To counteract the unhappiness of associates and ensure a steady supply of new ones (needed to replace the large number who quit each year immediately after the annual bonus is paid), law firms raise the salaries that they pay to incoming associates.
Then law schools raise their tuition, because starting salaries have gone up, so, hey, it seems fair enough to charge more for an entry ticket to a high starting salary.
That happens several times.
As a consequence, law firms keep raising the billable rates for the associates’ time, so that the salary increases don’t hit the partners’ bottom line. They also have to cover the cost of the billed hours that the clients refuse to pay because the billable rate is stupid. When clients call partners they know and trust to point out that the billable rate is stupid, the partners can’t really disagree. So they write off bills. And that has to be made up somehow.
So, the cost of legal services at the high end keeps going up. And, inevitably, that also drives up the cost at the low end too. Many ordinary people who need help from lawyers can’t afford it. Law graduates who want to help ordinary people with their legal problems – who went to law school because that’s what they dreamed of doing – can’t afford to do that, because they have to pay back those big tuition bills, driven, if you trace it back, by the high rates at the expensive law firms.
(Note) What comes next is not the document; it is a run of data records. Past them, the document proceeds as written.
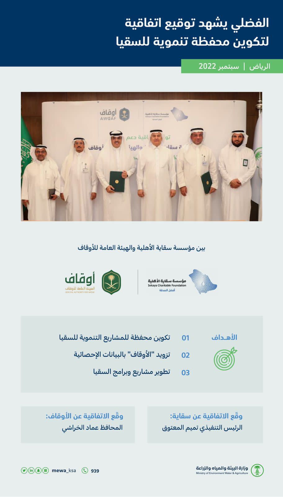 شهد معالي المهندس عبد الرحمن بن عبد المحسن الفضلي وزير البيئة والمياه والزراعة رئيس مجلس أمناء مؤسسة سقاية الأهلية، توقيع مذكرة دعم بين مؤسسة سقاية الأهلية والهيئة العامة للأوقاف، بغرض تكوين محفظة للمشاريع التنموية للسقيا، بناءً على البيانات الإحصائية للاحتياج المائي والدراسات والأبحاث الخاصة بمجال السقيا، وتصميم وتطوير المشاريع المتعلقة بها.
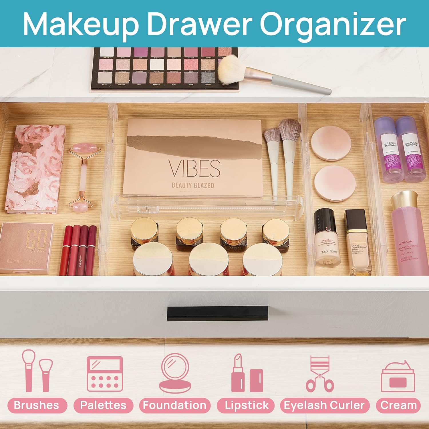 Vtopmart 4 Pack Shallow Drawer Dividers, 2.36" High 12.67"-21.14" Adjustable Expandable Kitchen Drawer Organizer, Clear Plastic Organizer Separators for Flatware, Utensil, Cutlery, Underwear, Clothes
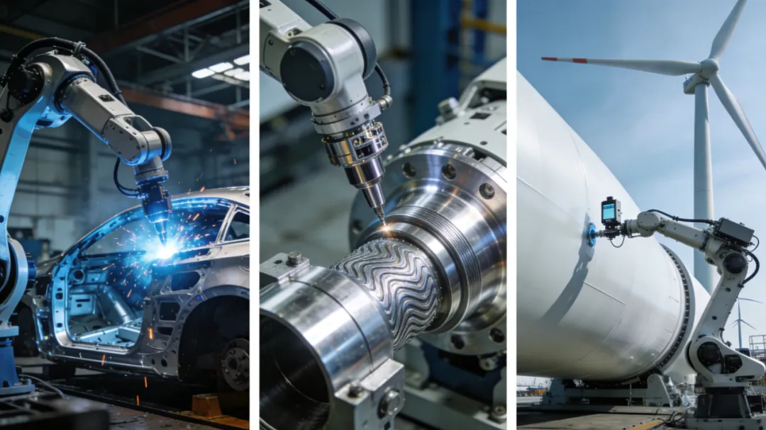 3. 应用前景 :应用场景不断纵深拓展,除了汽车、电子等传统优势领域,正逐步切入航空航天、船舶等高端制造领域,以及风电叶片检测等高危场景。此外“多品种、小批量”的生产趋势,推动柔性化机器人需求激增,同时政策也持续支持其在重点行业落地,后续会从单一作业向集成化解决方案方向发展,进一步渗透到更多细分工业场景。
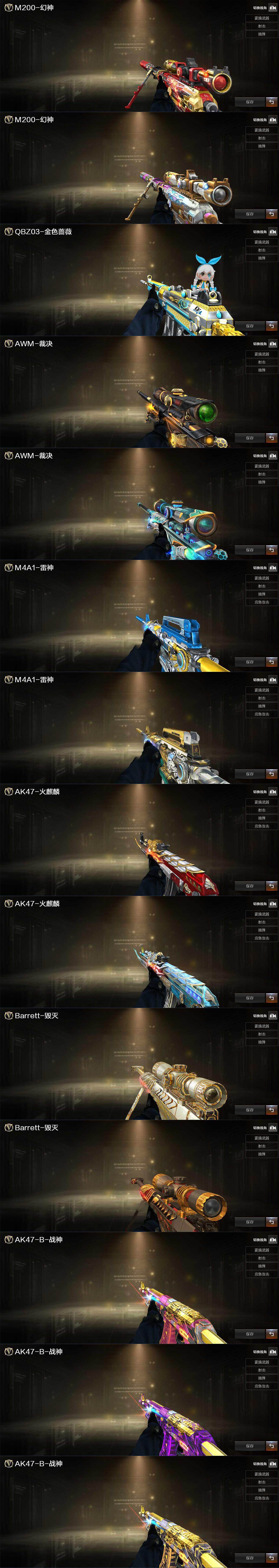 【皮肤】:幻神-AG-CFPLS17冠军,幻神-动感闪耀 皮肤,QBZ03-冠军之薇,裁决-典雅胡桃 皮肤,裁决-叶芒苍灵 皮肤,雷神-荣耀之魄,雷神-虎将,火麒麟-华夏之心,传奇石头-横秒之巅,毁灭耀金皮肤,毁灭-英雄计划 皮肤,战神-粉色甜心皮肤,战神-紫绶金章皮肤,战神-流金岁月皮肤,屠龙-惊鸿 皮肤
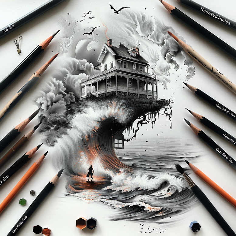 This dramatic tattoo design concept merges architectural precision with elemental force to tell a narrative about home, memory, and resilience. A two-story house sits precariously on a rocky promontory that seems to emerge from a colossal black-and-grey wave, its jutted porch and gabled roof rendered with fine line accuracy and subtle cross-hatching to convey timber textures and weathered surfaces. The enormous curl foams below, with bold sweeping strokes that suggest movement and velocity, while the orange accents along the wave create focal energy and depth without overwhelming the monochrome palette. Above, a sky of turbulent clouds stretches across the scene, punctuated by a scattering of birds in flight, which balance the weight of the composition and guide the eye toward the house as the center of gravity. A lone figure stands on a small board where the wave bends, introducing scale and a human story—perhaps a pilgrim or traveler facing the pull of the unknown. The piece leans toward a graphic, almost tattoo-parlor mural mood, yet remains highly translatable to real skin through clean outlines and controlled shading. As a cover-up option, the design’s heavy dark mass and silhouette-driven forms offer excellent camouflage for older tattoos, and its dense negative space around the edges ensures readability on larger areas like the back or thigh. The concept is suitable for a range of tattoo styles—from fine line tattoo details and black and grey realism to more Japanese-inspired linework or traditional bold outlines—while preserving the core motif: a home standing against the sea’s power. Produced as an AI-generated tattoo project, it serves as a robust starting point for a bespoke tattoo design, allowing artists and clients to tailor line weight, scale, and symbolism to personal meaning. In practice, the design supports further motifs such as lotus flower tattoo accents, infinity tattoo themes, or small flower tattoos, enabling a cohesive sleeve or chest piece that remains legible, meaningful, and visually striking in ink.
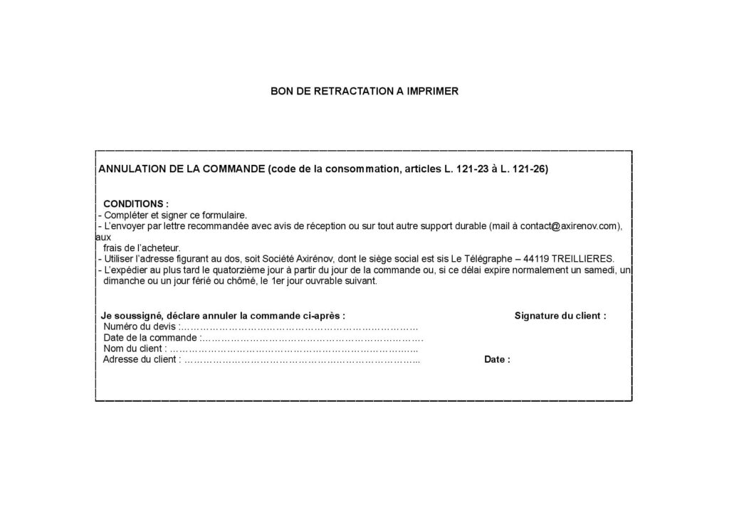 exercer le droit de rétractation, vous devez nous notifier (a l’attention de la Société AXIRENOV 1510 route du Télégraphe 44119 TREILLIERES) votre décision de rétractation du présent contrat au moyen

Change is hard. If you lived in Scenario A and had to change to Scenario B, I think we can agree that would be really, really hard. Almost unbearable.
More than that: it would also be just plain bad – for you, for society, for everything that the legal profession is supposed to be about.
Actually, as you probably noticed, we currently live in Scenario B.
But things are changing. It looks like we could be on the road to something more like Scenario A.
Change of any kind is hard and frightening. But I’d rather see change from B to A than the other way around. What about you?
I think most people would agree that change from B to A is better. However, B to A likely requires fewer lawyers and more entrepreneurs and paralegals. How can we reconcile this with the expansion of law schools and the rise of tuition fees?